Tiffins, tiffins, tiffins a to-go bag

Indian street food on a budget


The word “tiffin” is slang for lunch or a light meal in England. It originated in British India when the Indian custom took over the British tradition of afternoon tea by instead, enjoying a light meal or lunch, for the afternoon meal.

Tiffin’s in Boulder pays homage to the idea of enjoying authentic, southern Indian street-food, and has been doing so since it opened in August 2011.

Opened by Justin Patel, who hails from Gujrat, India, the space is small, simple, with gleaming colors of bright red, burnt orange and yellow walls dotted with Indian artwork and photographs. Matching its laid-back and non-excessive environment, Tiffin’s is tucked away in a corner of the Arapahoe Village Shopping Center on Arapahoe and Folsom.

When Tiffin’s opened two years ago, its focus was solely on vegetarian food common in southern India. This year, they’ve expanded their menu by also offering meat and, notably, some new northern Indian dishes. To contrast the two styles, southern Indian dishes are more heavily influenced by rice and coconut, and the dishes have higher water content and intense spices, whereas northern Indian — the Indian food most consumers are more familiar with eating — are often heavier, thicker and creamier.

A server on staff said they can still make almost anything on the menu vegan or vegetarian.

Orders are taken in back at the cash register, and customers are given a number for their table.

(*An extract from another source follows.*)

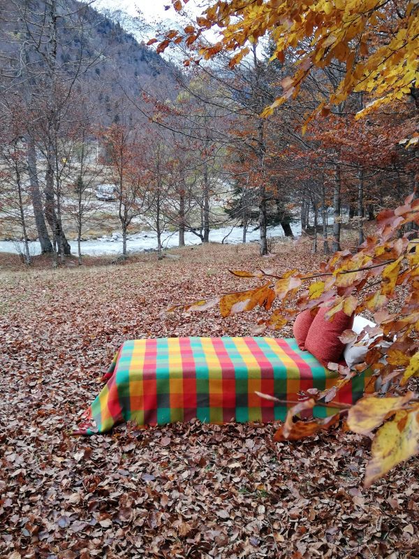 Inspirada en los colores vibrantes de los bosques del valle de Llubriqueto en otoño, esta manta recibe su nombre como homenaje a los paisajes cromáticos del Pirineo. En la temporada otoñal, el bosque se llena de vida con verdes intensos, rojos profundos, amarillos dorados y naranjas encendidos: una sinfonía natural que nos conecta con la tierra, el calor del hogar y la energía de los cambios. Se adapta a diferentes necesidades y estilos de hogar. La combinación de rojos, que evocan energía y calidez, naranjas que inspiran alegría, y verdes bosque que nos conectan con la serenidad del entorno natural, hacen de esta manta una pieza ideal para renovar tu decoración y crear un ambiente acogedor y lleno de vida.

Since Tiffin’s doesn’t have a liquor license, a refrigerated case sports drinks like chai, Izze, Fanta and Coke, mango lassi, as well as gulab jamun — a traditional Indian dessert akin to doughnut balls that are soaked in syrup.

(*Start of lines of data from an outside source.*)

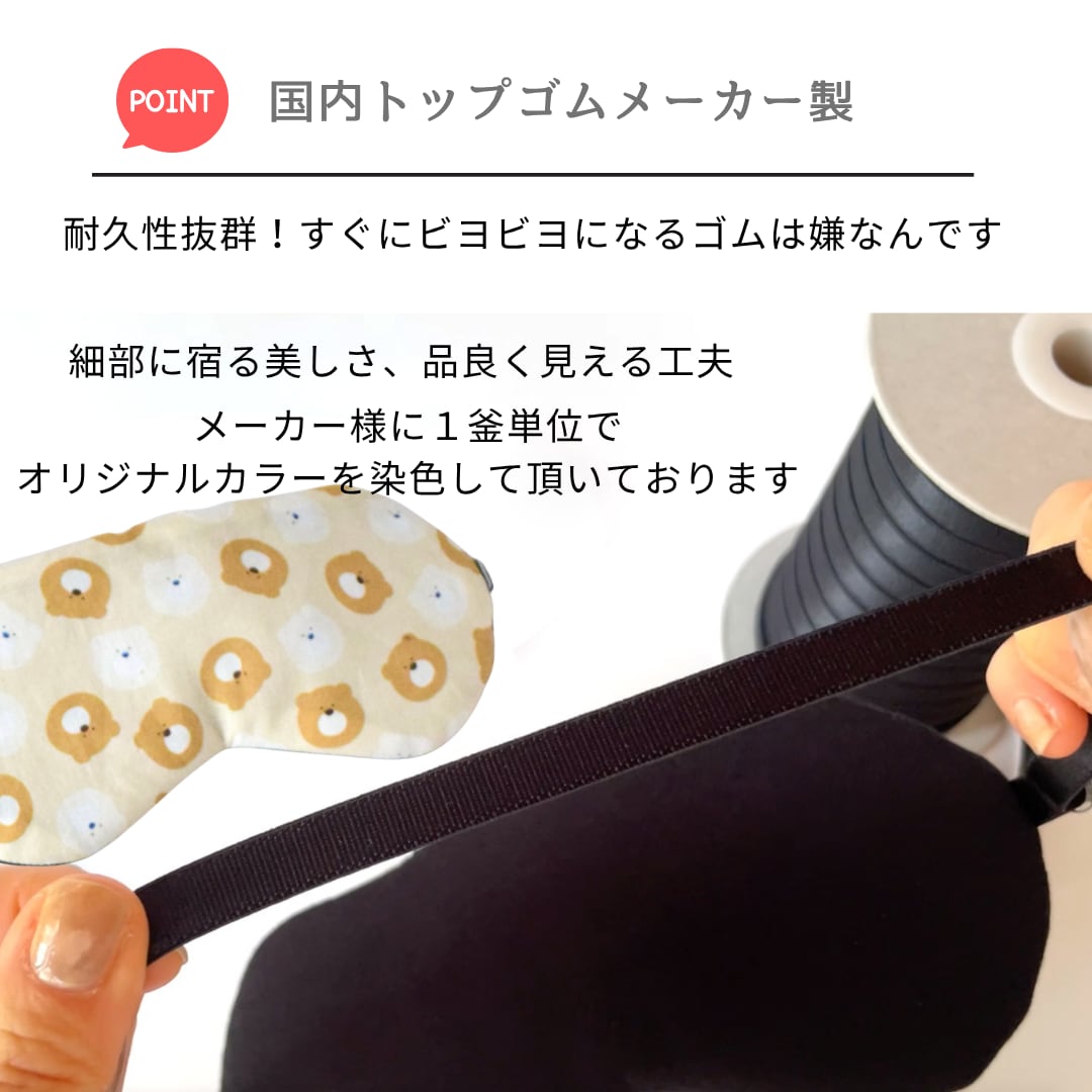 丸くてふんわりしたクマちゃんのイラストがかわいいアイマスクです。
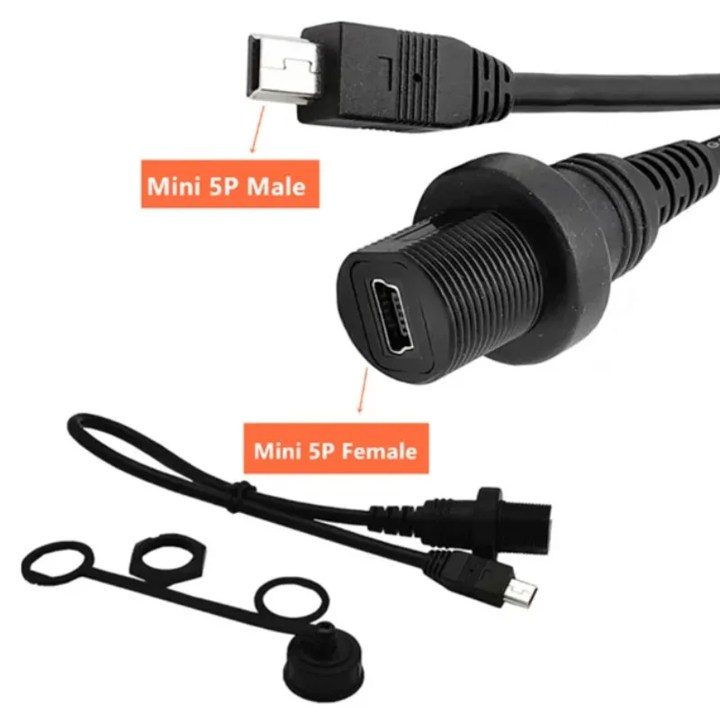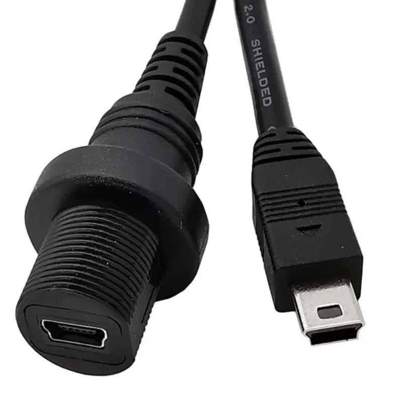 USB2.0 mini 5 pines macho a hembra AUX Cable de extensión de montaje en panel empotrado para salpicadero de motocicleta de coche, camión, barco; cable de extensión mini USB,
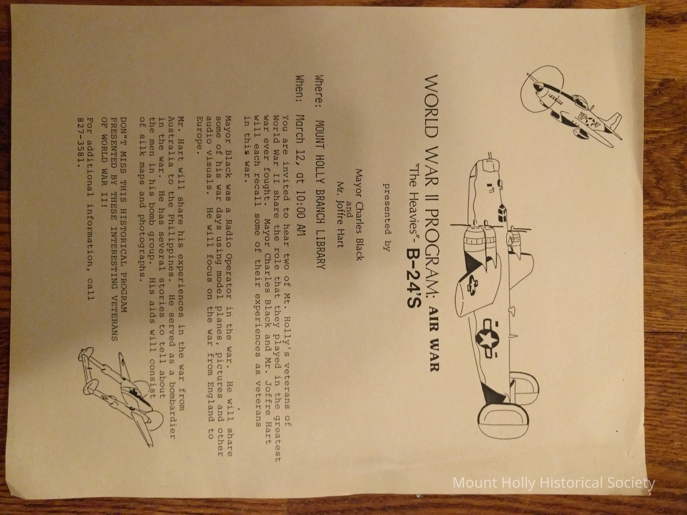 Program for WWII at Mount Holly Library by Charles Black and Joffre Hart

The owners are usually present, milling about the restaurant, ensuring quality control, bringing guests their freshly prepared food or chatting warmly with regulars.

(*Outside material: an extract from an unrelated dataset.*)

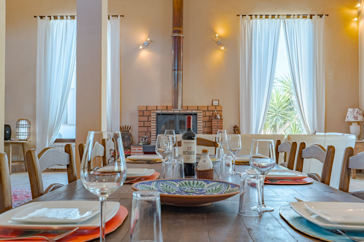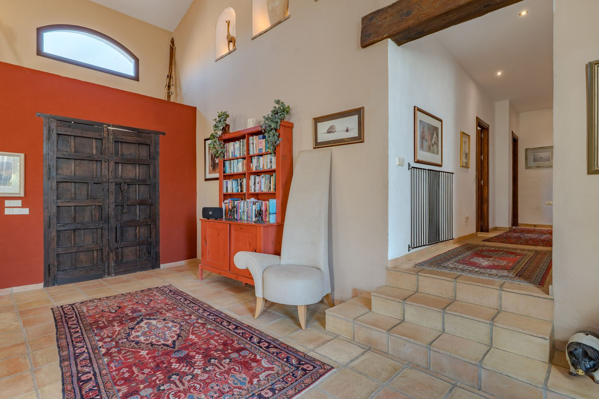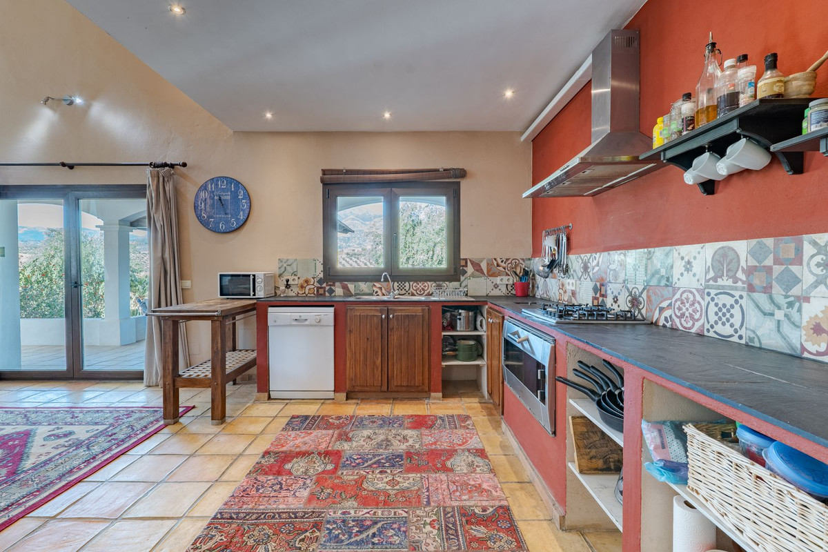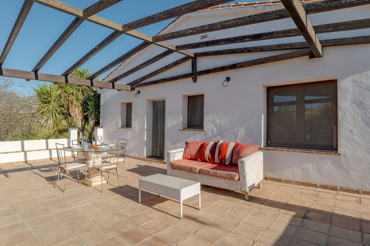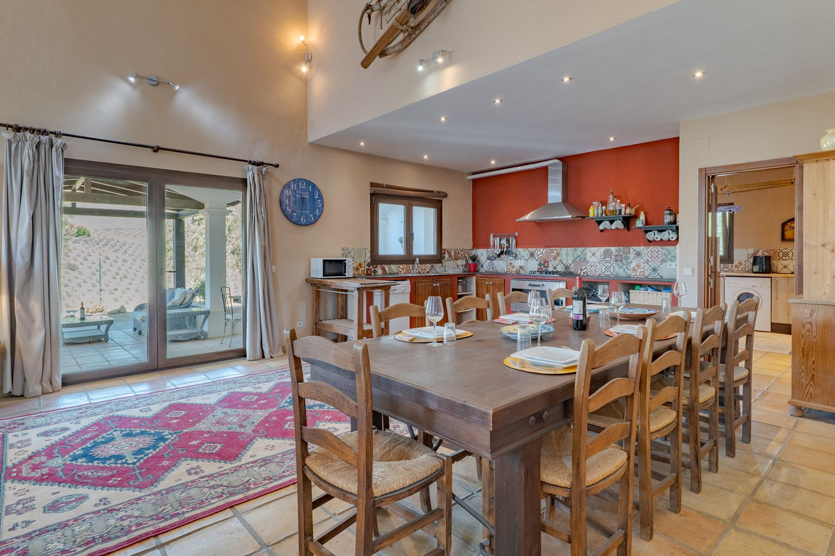 Exclusieve aanbieding! Dit ruime en comfortabele landhuis (Cortijo) is perfect voor een groot gezin, als luxe vakantiehuis of als investering met aanzienlijke verhuurmogelijkheden dankzij het onafhankelijke gastenverblijf. De woning verkeert in uitstekende staat en combineert authentieke charme met modern comfort. De adembenemende open indeling van de woonkamer, eetkamer en keuken vormt het hart van het huis. Hoge plafonds en grote ramen: deze architectonische kenmerken zorgen de hele dag voor maximale lichtinval en accentueren het ruimtelijke gevoel. Geniet op koelere avonden van de warmte van de open haard, omringd door charmante terracotta vloeren en de prachtige Spaanse houten voordeur die de landelijke sfeer benadrukt. De keuken is van alle gemakken voorzien en loopt naadloos over in de woonkamer, perfect voor gezelligheid en entertainment. Achter de keuken bevindt zich een ruime keuken/bijkeuken en een gastentoilet. Vanuit de woonkamer opent u de deuren naar het overdekte hoofdterras. Dit wordt uw favoriete plek om te dineren en te genieten van het spectaculaire uitzicht op de glooiende bergen. Een kleine trap leidt naar een gang die naar het hoofdslaapkamergedeelte leidt. Deze kamers zijn ruim en voorzien van praktische inbouwkasten, die optimale opbergruimte bieden. Uniek aan deze finca is het volledig afsluitbare en onafhankelijke gastenverblijf. Het is toegankelijk via het hoofdgebouw, maar heeft ook een eigen ingang, waardoor het ideaal is voor verhuur of als privédomein voor gasten. Dit appartement beschikt over: * 2 ruime slaapkamers, elk met een eigen badkamer. * keuken/woonkamer * Een groot privéterras met fantastisch uitzicht. Deze gastenaccommodatie biedt een uitstekende mogelijkheid om extra inkomsten te genereren door middel van vakantieverhuur (B&B/Vakantiehuis). Licencia de Primera Ocupación (LPO) aanwezig. De woning is voorzien van alle moderne gemakken: Airconditioning en centrale verwarming. Aangesloten op het elektriciteitsnet en voorzien van zonnepanelen. Aangesloten op het openbare drinkwaternet. Er is een goede internetverbinding beschikbaar. Privézwembad en terras: de perfecte plek om af te koelen tijdens de warme zomermaanden, met een adembenemend uitzicht over de vallei. Buitenbar en barbecueplek: Gelegen bij het zwembad, ideaal voor het organiseren van feesten, barbecues en lange zomeravonden. De tuin is beplant met volwassen olijfbomen en verschillende fruitbomen. Er is privéparkeergelegenheid op het terrein. De toegangsweg is grotendeels geasfalteerd. Alleen de laatste 600 meter zijn goed onderhouden onverharde wegen. Slechts 15 minuten rijden naar de charmante dorpjes Alozaina en Casarabonela. De internationale luchthaven van Malaga ligt op 45 minuten rijden, zodat u snel en eenvoudig van en naar uw thuisbasis kunt reizen. Finca - Cortijo, Casarabonela, Costa del Sol. 7 slaapkamers, 4,5 badkamers, bebouwd 362 m², terras 150 m². Ligging: Landelijk, Dichtbij de stad. Oriëntatie: Oost, Zuidwest. Staat: Goed. Zwembad: Privé. Klimaatregeling: Airconditioning, Centrale verwarming, Open haard. Uitzicht: Bergen, Platteland, Panoramisch, Tuin. Kenmerken: Inbouwkasten, Privéterras, Gastenappartement, Berging, Ensuite badkamer, Dubbel glas. Meubilair: Optioneel. Keuken: volledig ingericht. Tuin: Privé. Parkeren: Privé. Nutsvoorzieningen: elektriciteit, drinkwater, gas, fotovoltaïsche zonnepanelen. Categorie: Wederverkoop.

Real winners are Tiffin’s lunch combinations, which are an impressive bang for your buck. Lunch, served from 11:30 a.m. to 3 p.m., offers three tiered curry specials written up on a board in the restaurant. You can choose one curry plus rice for $5.95, two curries plus rice for $6.95 or three curries plus rice for $7.95. All three are a steal for the portions you’re receiving. The spicy lamb vindaloo or the dal makhani (a vegetarian lentil curry cooked with spices) are standout offerings based on their vibrant spice and consistency. You can add on plain naan or roti for $1 each during this lunch special.

You also can’t go wrong with the samosa chat as a starter dish to share. It comes with two pastry dumplings, filled with soft curried vegetables and topped with ginger-tomato sauce, garbanzo noodles, chutney, fresh cilantro, red onion and garbanzos. Alternatively, if you’re looking for a vegan appetizer, try the idli sambar, which comes with three lentil cakes dipped into spicy toor dal soup.

The rest of the menu is composed of curries (meat and vegetarian), tandoori kabobs, biryanis (basmati rice sautéed with vegetables or your choice of meat) and a variety of dosas, which is a paperthin rice and lentil crepe stuffed with your preference of vegetables, spiced potatoes, onion sabiji and/or cheese.

In truth, I was slightly disappointed by Tiffin’s foray into North Indian cuisine, as it was once so niche by offering only southern Indian dishes, a move that helped it stand out from the other Indian restaurants in town. Luckily you can still find those traditional southern Indian dishes that its foundation was built on.

Nonetheless, their food is steadfast, the prices are low, and even though there are no frills they hold true to the tiffin afternoon enjoyment, with decidedly lighter street-style comfort food that delights the palate.

Go on, enjoy your tiffin. Tiffin’s is open from 11:30 a.m. to 10 p.m. Tuesday through Saturday, noon to 9 p.m. on Sunday, and closed on Monday. They also offer take-out and delivery.